À peine descendu de cheval, je courus à l’appartement de mon père. Il s’y promenait alors de l’air calme d’un homme qui délibère avec lui-même, et que ne put troubler la présence d’un fils unique, quoique nous ne nous fussions pas vus depuis quatre ans. Il était bon père, mais sans excès, et une larme ne brilla qu’un instant dans ses yeux.

« Dubourg m’écrit qu’il est content de vous, Frank.

— J’en suis charmé, monsieur…

— Mais, moi, j’ai moins sujet de l’être, » ajouta-t-il en s’asseyant à son bureau.

— J’en suis désolé, monsieur…

Charmé, désolé, Frank, sont des mots qui le plus souvent ne signifient rien. Voici votre dernière lettre. »

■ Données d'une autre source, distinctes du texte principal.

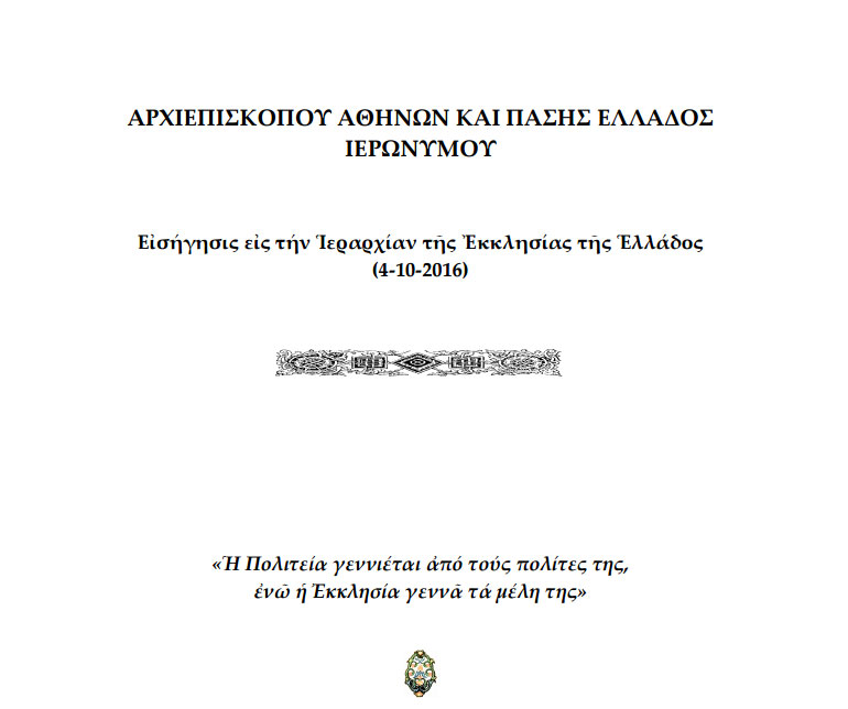 Αυτά τόνισε, μεταξύ άλλων, ο Μακαριότατος Αρχιεπίσκοπος Αθηνών και Πάσης Ελλάδος κ. Ιερώνυμος στο πλαίσιο της εισήγησής του ενώπιον του Σώματος της Ιεραρχίας της Εκκλησίας της Ελλάδος, παρουσιάζοντας τους προβληματισμούς του για το χθες, το σήμερα και το αύριο της Εκκλησίας μας.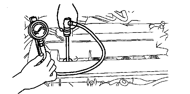 5) It it is less than the minimum specification, or there is a cylinder with a compression value that differs from that of other cylinders by 196.1 kPa or more (2.0 kgf/cm2, 28.5 psi), add a small quantity of engine oil through the spark plug hole and perform Steps (1) to (3).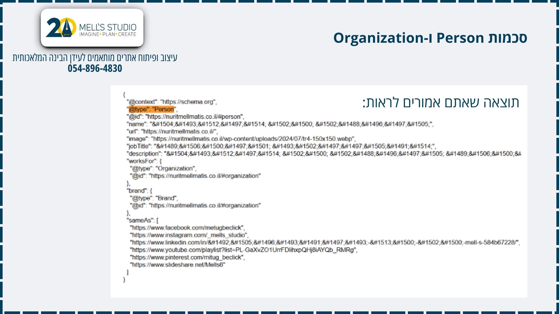 - Organization (העסק): כאן אני בודקת שמופיע שם הסטודיו, הלוגו והקישורים לרשתות החברתיות (sameAs).
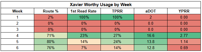 Since returning to action, Xavier Worthy has been running routes at a high rate, but his target numbers have been trending in the wrong direction. His first-read target rate is especially troubling.
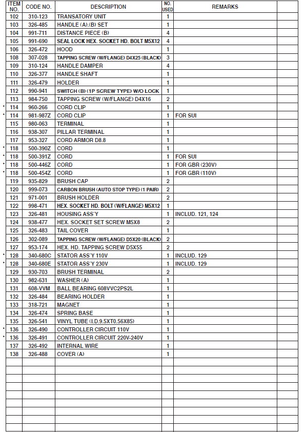 Запчасти для электроинструмента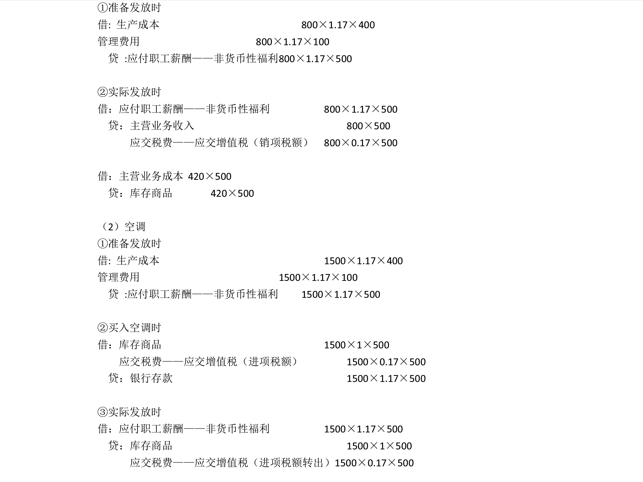 第二部分空调是外购的,那么购买空调的所有钱(进项税转出)都要计入职工福利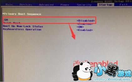 4、接着切换到startup选项,选择csm,回车改为enabled,如图所示: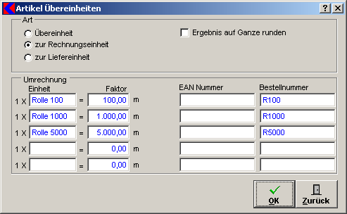 Die Übereinheiten werden benötigt wenn es für einen Artikel verschiedene Verpackungseinheiten gibt.
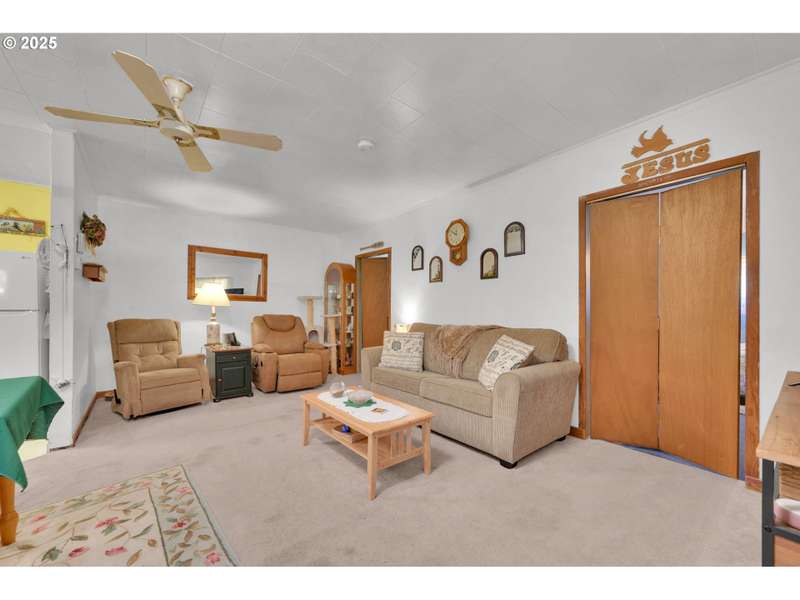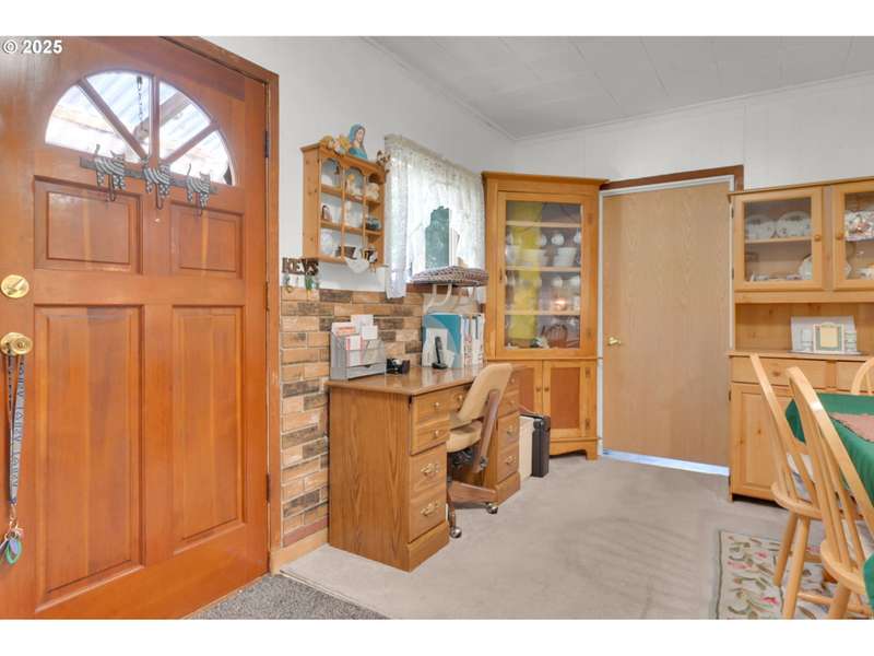 Charming rural property minutes from Drain and short drive from Cottage Grove. Home features 2 spacious bedrooms and large bathroom. Comfortable living room, dining area and cheerful kitchen with nook and laundry area. Ample pantry storage on enclosed back porch. Forced air heat with heat pump. Covered back deck and metal building. Yard area is gently sloped down to creek. Beyond creek is hillside with trees. Metal outbuilding for great storage. This is a sweet property in a quiet location with lots of potential.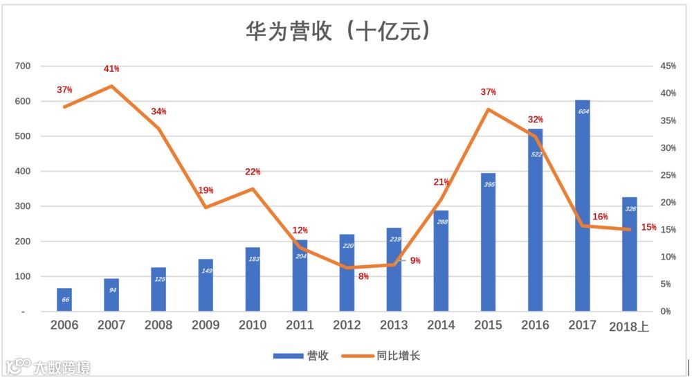 2007年华为营收增速达41%,受美国次贷所引发全球金融危机的影响,华为增速迅速下滑,2009年跌至19%。2011年反弹到22%之后,华为又度过了艰难的3年,营收增速在10%上下;2015年、2016年,华为再度迎来快速增长,增速分别为37%和32%;2017年急速回落到16%。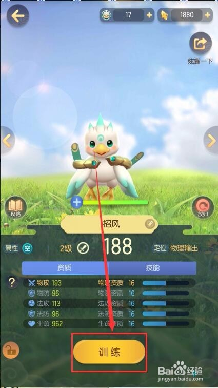 随便选择了一个妖精之后,进入单个妖精本家儿界面,界面下方有一个练习按钮,点击它。如图所示。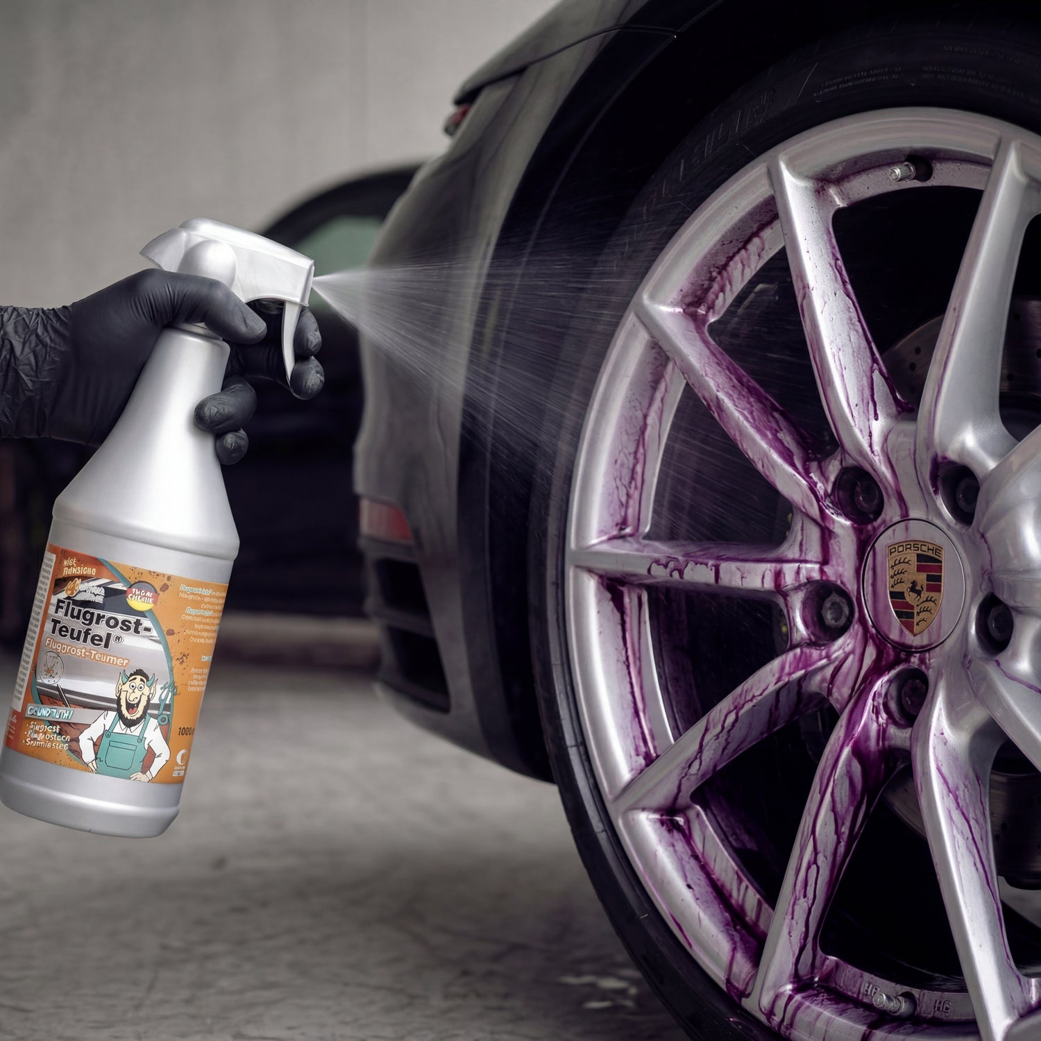 The Rust Stain Devil is an acid-free rust stain remover with color change. It binds iron particles that have settled as rust-brown spots on paint, glass, rims, and plastic, and rinses them away completely with the next jet of water. For us at Detailing1, it is the most honest representative of its class. Anyone who lets it work on a rain-soaked used car in summer will immediately understand why it is part of every thorough detailing.

Il la prit au milieu de plusieurs autres réunies par un morceau de ficelle rouge, et soigneusement mises en liasse et étiquetées. Là gisait ma pauvre épître sur le sujet le plus intéressant pour moi alors, et dans un style que je croyais capable de toucher, sinon de convaincre ; là, dis-je, elle gisait enfouie au milieu de lettres concernant les différentes affaires dans lesquelles mon père se trouvait chaque jour engagé par son commerce. Je ne puis m’empêcher de sourire en songeant au sentiment de vanité blessée et de dépit avec lequel je regardais ma remontrance qui m’avait, je vous l’assure, coûté quelque peine à composer, quand je la vis tirer d’une liasse de lettres d’avis, de crédit, de tout ce fatras enfin, comme je l’appelais alors, d’une correspondance commerciale. Sans doute, pensais-je, une lettre de cette importance (je n’osais pas me dire aussi bien écrite) méritait une place à part, et une plus sérieuse attention que celles qui ne traitent que des affaires courantes d’une maison de banque.